I own the Honda 2.3 and use it with my ~9 ft. inflatable. I've had two of them, since one of them got trashed in a gale over at Catalina that flipped my inflatable upside down with the engine attached! So after the first one was destroyed I decided to replace it with the same engine because I liked it enough to stick with it.
Overall, I think it's a really good engine. It's air cooled, so no impellers to change or cooling passages to clog. It sips fuel, as I guess you'd expect for a 2.3 hp. engine. Starts on the first pull, even when I haven't run it for a few months. And I appreciate the light weight when schlepping it on and off the boat, especially when wrestling to get it into and out of the dinghy.

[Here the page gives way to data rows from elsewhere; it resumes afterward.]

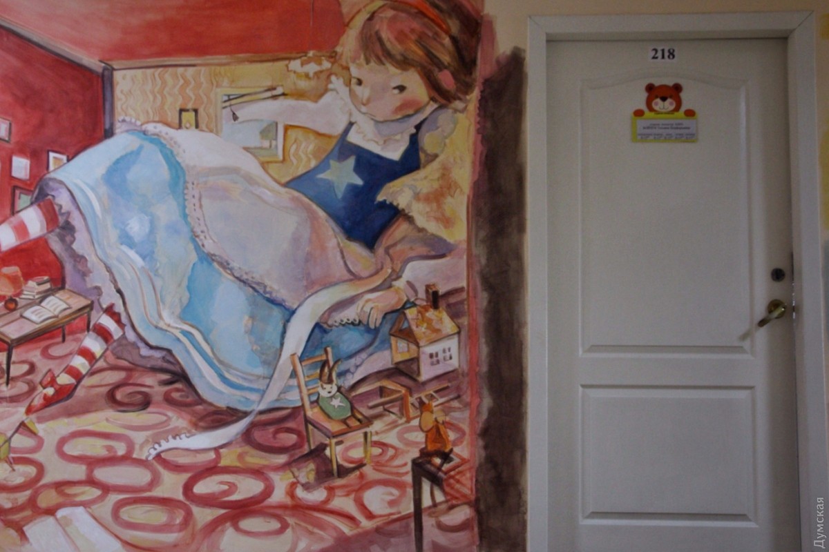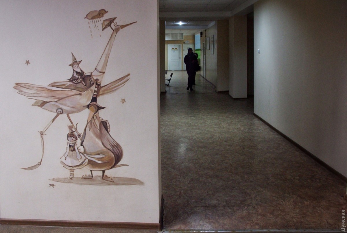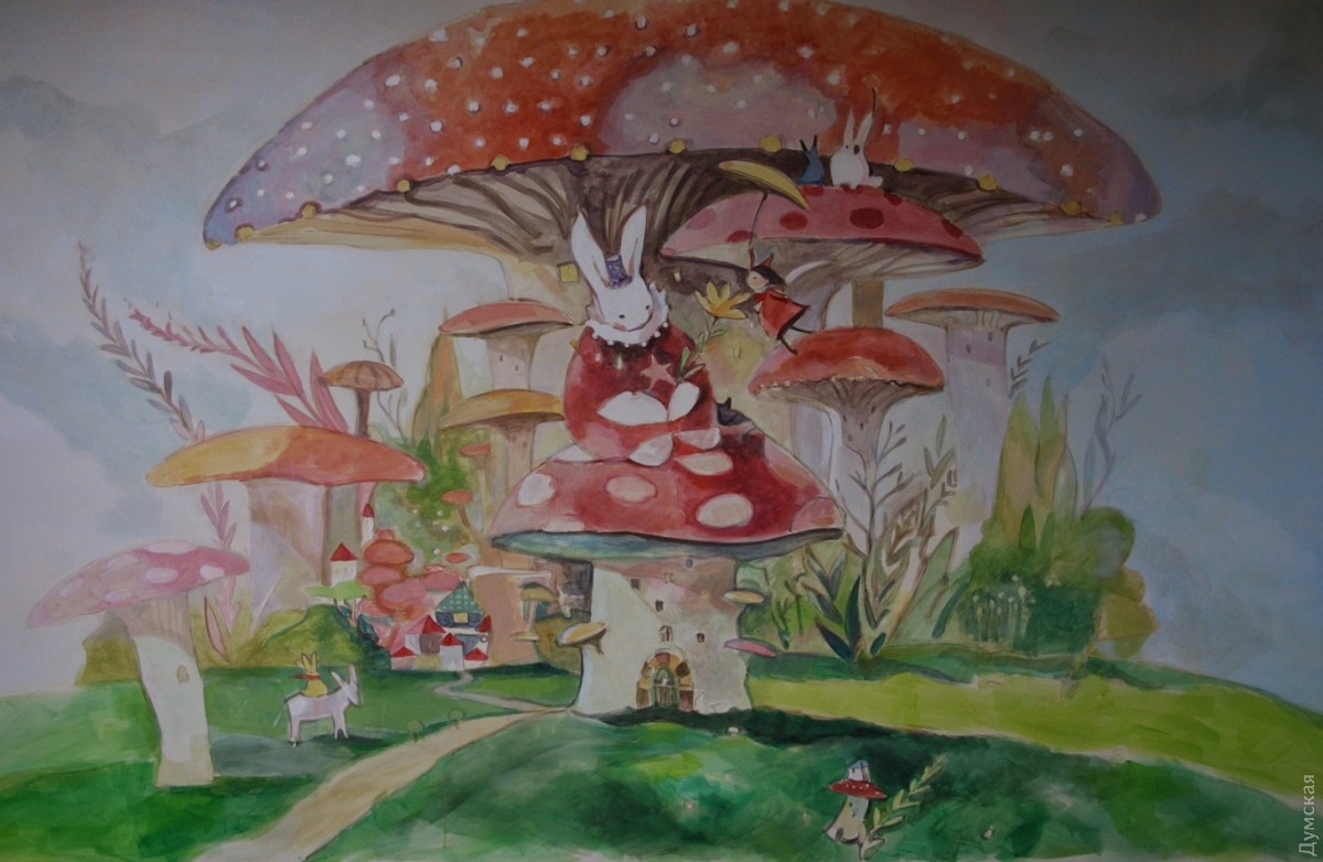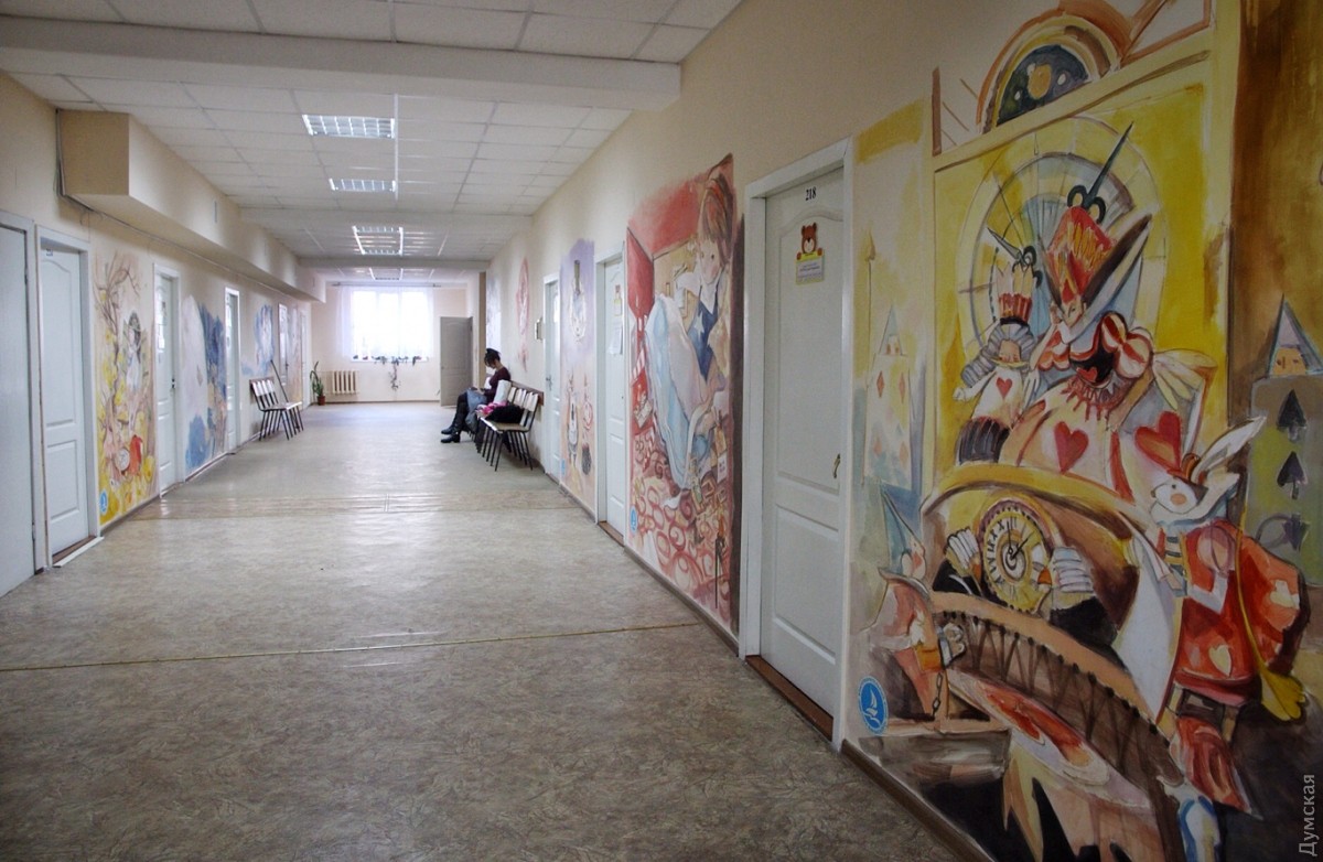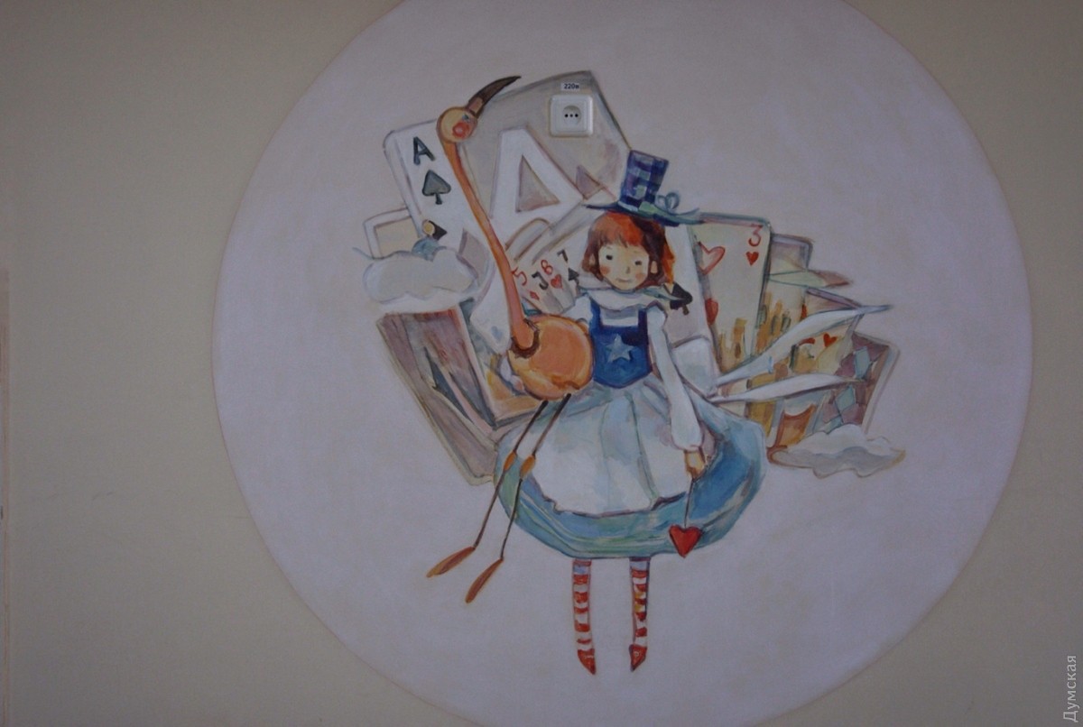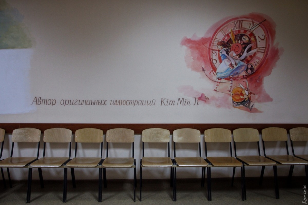 Коридор второго этажа одесской детской поликлиники №4, что на улице Маршала Говорова украсили иллюстрации известной южнокорейской художницы Ким Мин Джи. Художница работает в технике акварельной живописи. Одесские коллеги перерисовали ее работы, но честно указали авторство. Теперь со стен на маленьких пациентов смотрят Алиса, Белый Кролик, Чеширский Кот и другие герои Льюиса Кэрролла. Как рассказала «Думской» главный врач поликлиники Наталья Андриевская, идея разукрасить стены интересными для детей иллюстрациями появилась сразу после ремонта второго этажа. «Это же детская поликлиника, и подобные яркие рисунки отвлекают наших посетителей, улучшают им настроение», — считает врач. Художники работали по выходным и в вечернее веремя, чтобы не отвлекать врачей от работы. По словам Андриевской, тематика иллюстраций — выбор самих художников. СМЕРТЬ РОСІЙСЬКИМ ОКУПАНТАМ! Помітили помилку? Виділяйте слова з помилкою та натискайте control-enter |
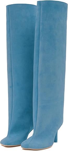 Knee High Boots for Women Faux Suede Wide Calf Square Toe Tall Stiletto Kitten High Heels Thigh Long Fall Boot Pull on Fashion Casual Cute Y2K
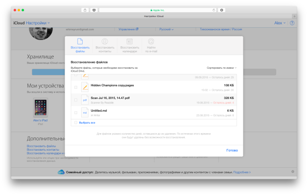 Праворуч від віддалених файлів показується час, що залишився до їх остаточного видалення. По закінченні цього терміну відновити файли буде неможливо. З якого пристрою були видалені файли, не важливо - всі вони будуть перебувати тут. Що стосується календарів і контактів, вони відновлюються зі збережених архівів, які автоматично створюються з певним інтервалом.
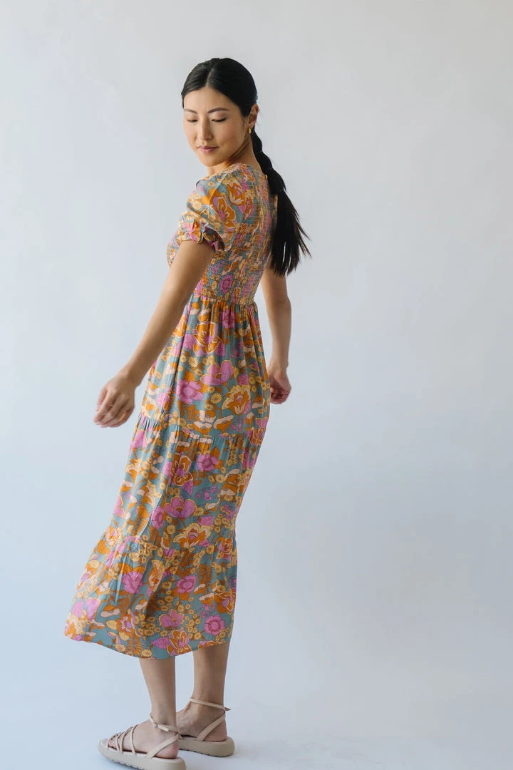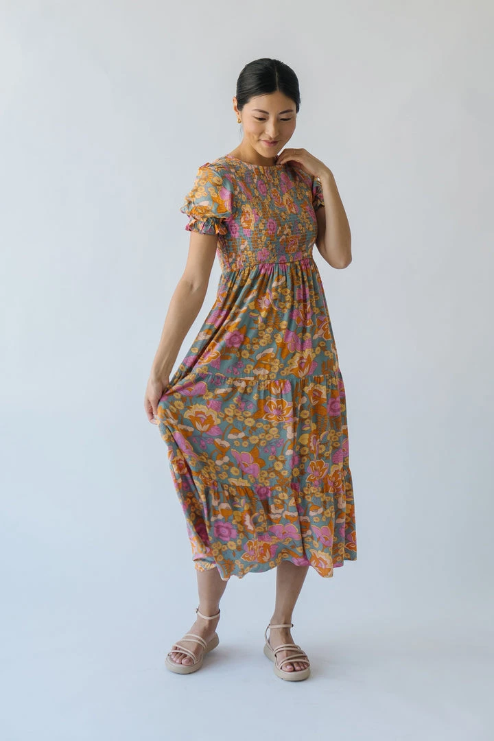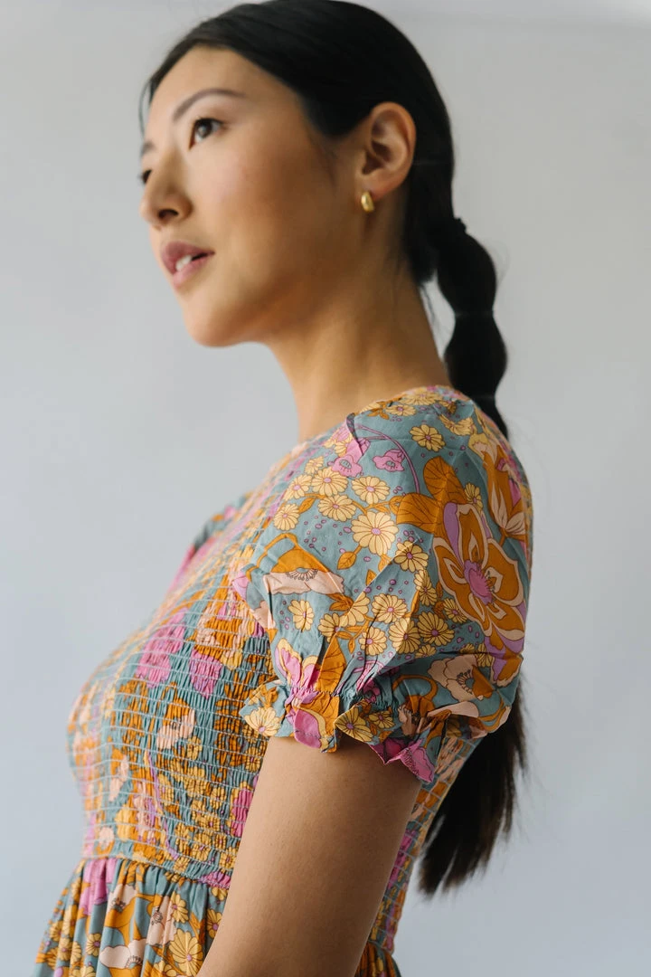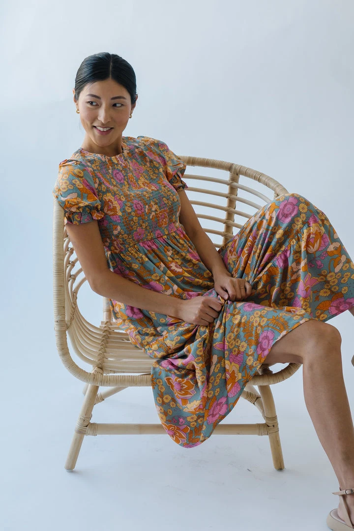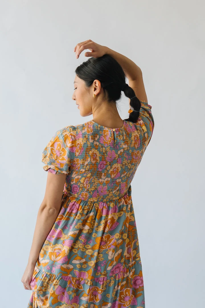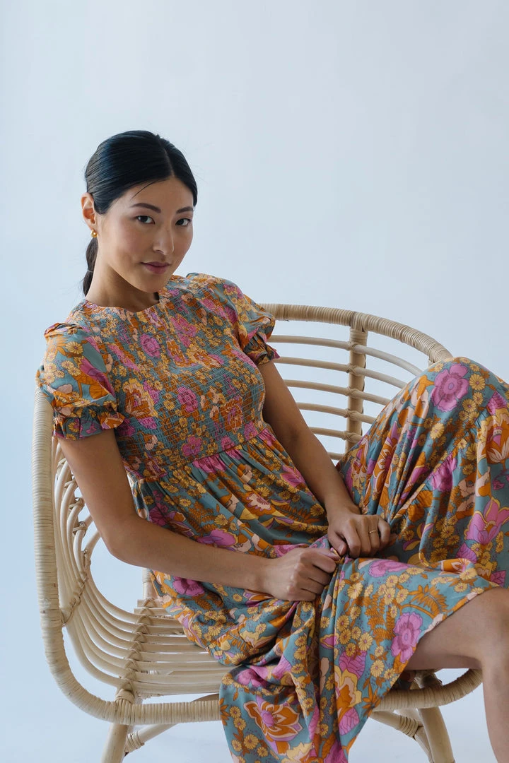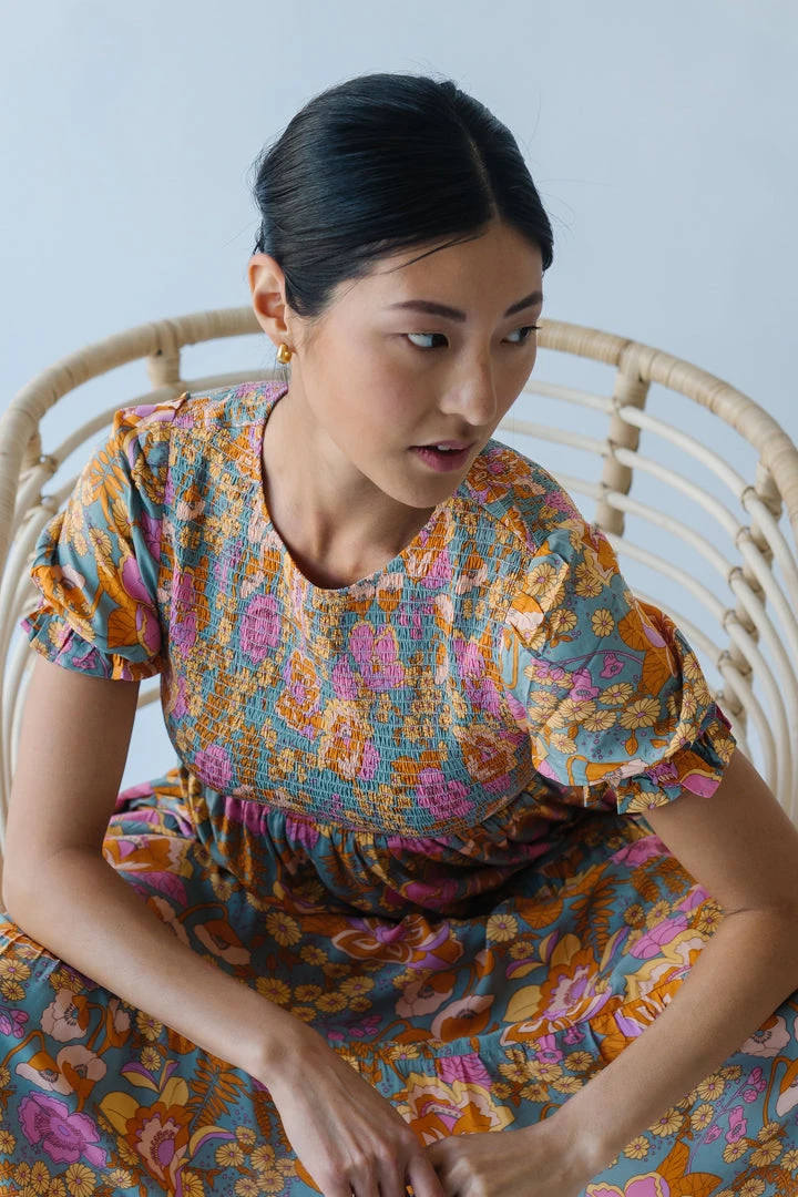 The Allred Puff Sleeve Midi Dress has a psychedelic floral print with ruffles short sleeves, a smocked bodice, and a tiered skirt. It is maternity-friendly.Â
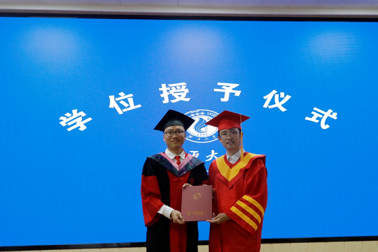 进入学位授予仪式环节,副院长周均旭宣读学位授予决定后,本科生、学术型硕士及博士生毕业生按顺序依次上台接受学位授予。院党委书记聂鑫为获得学位的毕业生行拨穗礼并授予学位证书、合影留念。
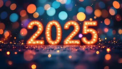 Glowing 2026 numerals pulsing with neon mosaic tiles, confetti particles, digital glow
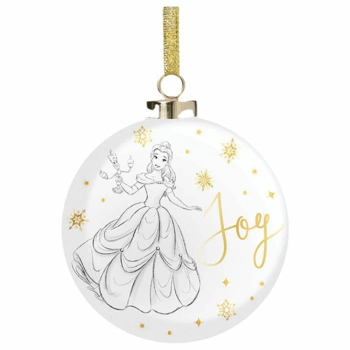 Decorate the Christmas tree with this beautiful white Belle ceramic bauble. The caption ‘Joy’ is featured on the bauble in gold lettering alongside an illustration of Disney’s Belle.
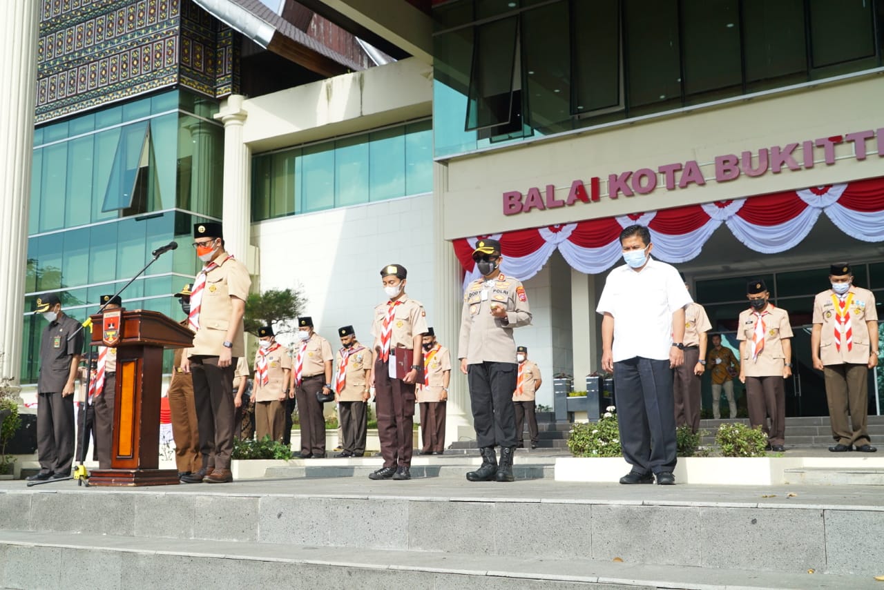 Bukittinggi, siberindo.co — Hari Ulang Tahun Pramuka dan Peringatan Gerakan Pramuka ke 60 tahun 2021 di Bukittinggi dilaksanakan dengan Apel Besar di Halaman Balaikota Bukittinggi, Sabtu (14/08).
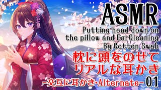 【ASMR】枕に頭をのせてリアルな耳かき-綿棒で交互に耳かき-#01【声なし・No Talking】
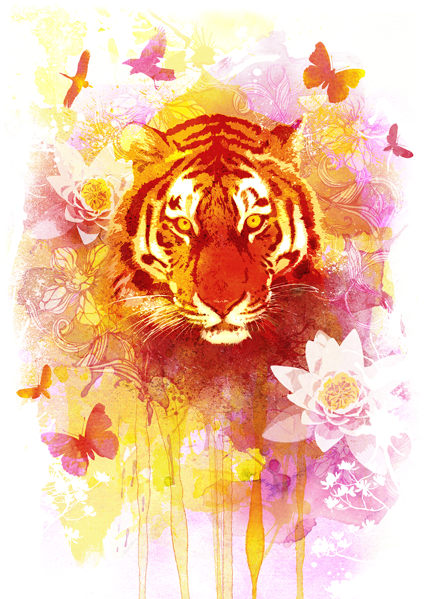 Add a layer above all the folders, then select the Clone Stamp Tool. Set it to sample using Current & Below and also to include the adjustment layer; now fix any areas you're unhappy with – I worked over the dark areas just below the tiger's chin. I also ran the Dodge Tool (O) over his snout and chin on the "Tiger lighten" and "Tiger vivid light" layers. To wrap things up, adjust any layer Opacities/Modes until you're happy, then it's finished!
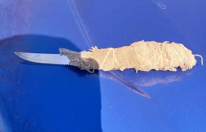 La persecución no tardó en comenzar, y los efectivos policiales lograron interceptarlos a la altura de la estación de servicio YPF. Durante la requisa, uno de los detenidos portaba un cuchillo tipo Tramontina, con una hoja de aproximadamente 10 centímetros, cuyo mango estaba envuelto en un trapo sostenido por bandas elásticas. Además, se verificó que la motocicleta no presentaba impedimentos para circular.
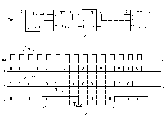 сигнал с прямого выхода триггера каждого разряда поступает на счетный вход С триггера следующего более старшего разряда, а на счетный вход триггера 1-го разряда Тг1 подаются входные просчитываемые импульсы.
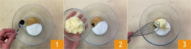 Para preparar os cookies, coloque em uma tigela o açúcar refinado e o açúcar mascavo, depois adicione as sementes da vagem de baunilha 1 e a manteiga amolecida 2. Misture vigorosamente com um batedor para incorporar tudo 3.
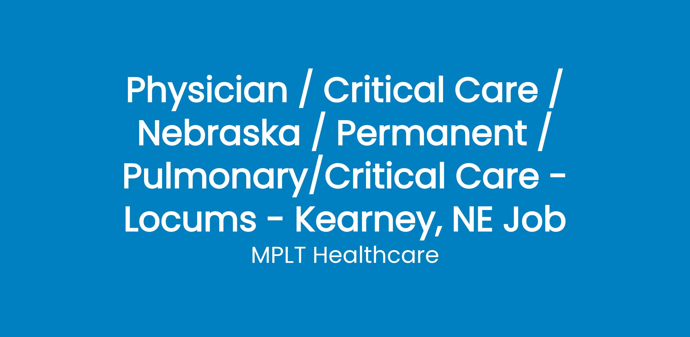 MPLT Healthcare is looking for physicians who Understand the Urgency, Never Give Up, and Have the Courage to Excel in the forever changing medical industry! We have numerous opportunities for an experienced Pulmonary/Critical Care Physician with highly competitive pay rates in Kearney, NE.
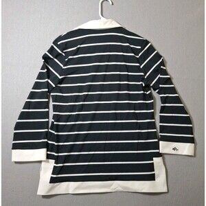 This Polo Golf Ralph Lauren Tunic Top for women in size medium features a stylish black and white striped pattern, collared neckline, and long sleeves with casual sleeves. Made from a polyester blend material with moisture-wicking properties, this pullover blouse is machine washable and suitable for various occasions like travel, casual wear, workwear, and business settings. The tunic top also includes the brand's logo as an accent, making it a versatile and fashionable addition to any wardrobe. Ideal for all seasons, this designer piece exudes a preppy and golf-inspired theme.

One warning, though, which I think would not be unique to the Honda but would apply to any small outboard engine. Do whatever you can to avoid putting ethanol fuel in it. It can destroy the carb, sometimes to the point where even cleaning it out is not possible. The jets on that tiny carb are easily prone to damage from ethanol. This may not be an issue where you are located, but in California all the fuel out here has ethanol in it. I've used the Biobor additive and still managed to destroy a carb when the engine sat unused for about 10 months in 2018 due to a family emergency with my dad that that consumed all of my time, and I forgot about running it.
For me, the best solution has been to buy TruFuel at Home Depot and only run it with that. MaineSail had suggested doing this on his blog, but I had resisted going that route because the fuel is beastly expensive (comes out to something like $20/gallon). But I realized trying to save money on the fuel was a false economy in my case. That engine uses so little fuel that one can of it lasts me a really long time, just using the tender to motor from the mooring to the dinghy dock and back. The cost really is negligible.
One other thing you can do (and I had tried earlier) is to run the engine on typical ethanol-blended fuel but then, before you put it away, drain the tank, add the TruFuel, and run it with the TruFuel before putting the engine to bed. Or, if you are going to be on a long trip with lots of motoring, run the ethanol-blended fuel for most of the trip and switch to TruFuel at the very end. The point is that you want the last fuel going through the carburetor to be TruFuel before you put the engine to bed. For me, I came to realize that it used so little fuel for the kind of trips that I do that going through these extra steps really made no sense. I haven't had a lick of problems with that engine since I went the TruFuel route. I also find that the engine seems to run slighly better than it did with the ethanol-blended stuff.
By the way: I got a really good price on my Honda from
Online Outboards in Tennessee. They were also very good people to work with.